A long thin rod lies along the x-axis from the origin to x=L, with L= 0.890 m. The mass per unit length, λ (in kg/m) varies according to the equation λ = λ0 (1+1.410x2). The value of λ0 is 0.700 kg/m and x is in meters.
1. Calculate the total mass of the rod.
2. Calculate the x-coordinate of the center of mass of the rod.
3. Calculate the moment of inertia of the rod with respect to the y-axis.
1. To calculate the total mass of the rod, we need to integrate the mass density over the length of the rod.
The mass per unit length, λ, is given by λ = λ0 (1 + 1.410x^2), where λ0 = 0.700 kg/m.
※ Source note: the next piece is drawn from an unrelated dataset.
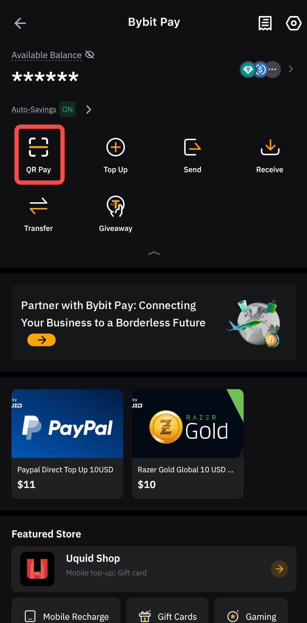 目前,二維碼支付僅在 Bybit App 上提供。使用者必須先完成驗證,然後點擊二維碼支付圖標才能開始。

To find the total mass, we integrate λ over the length of the rod from x = 0 to x = L:
M = ∫λ dx
M = ∫(λ0 (1 + 1.410x^2)) dx
M = λ0 ∫(1 + 1.410x^2) dx
M = λ0 [x + (1.410/3)x^3] evaluated from x = 0 to x = L
M = λ0 (L + (1.410/3)L^3)
Substituting the given values, L = 0.890 m and λ0 = 0.700 kg/m, we can calculate the total mass.
2. To calculate the x-coordinate of the center of mass of the rod, we need to find the mean position of the mass along the x-axis.
The x-coordinate of the center of mass, x_cm, is given by
x_cm = ∫(λx) dx / M
x_cm = ∫(λ0 (1 + 1.410x^2)x) dx / M
x_cm = λ0/M ∫(x + 1.410x^3) dx
x_cm = λ0/M [(1/2)x^2 + (1.410/4)x^4] evaluated from x = 0 to x = L
x_cm = λ0/M [(1/2)L^2 + (1.410/4)L^4]
Substituting the given values, L = 0.890 m and λ0 = 0.700 kg/m, and the calculated value of M from part 1, we can calculate the x-coordinate of the center of mass.
3. To calculate the moment of inertia of the rod with respect to the y-axis, we need to integrate the squared distance of each small mass element from the y-axis.
The moment of inertia, I, is given by
I = ∫(λx^2) dx
I = ∫(λ0 (1 + 1.410x^2)x^2) dx
I = ∫(λ0 (x^2 + 1.410x^4)) dx
I = λ0 ∫(x^2 + 1.410x^4) dx
I = λ0 [(1/3)x^3 + (1.410/5)x^5] evaluated from x = 0 to x = L
I = λ0 [(1/3)L^3 + (1.410/5)L^5]
Substituting the given values, L = 0.890 m and λ0 = 0.700 kg/m, we can calculate the moment of inertia.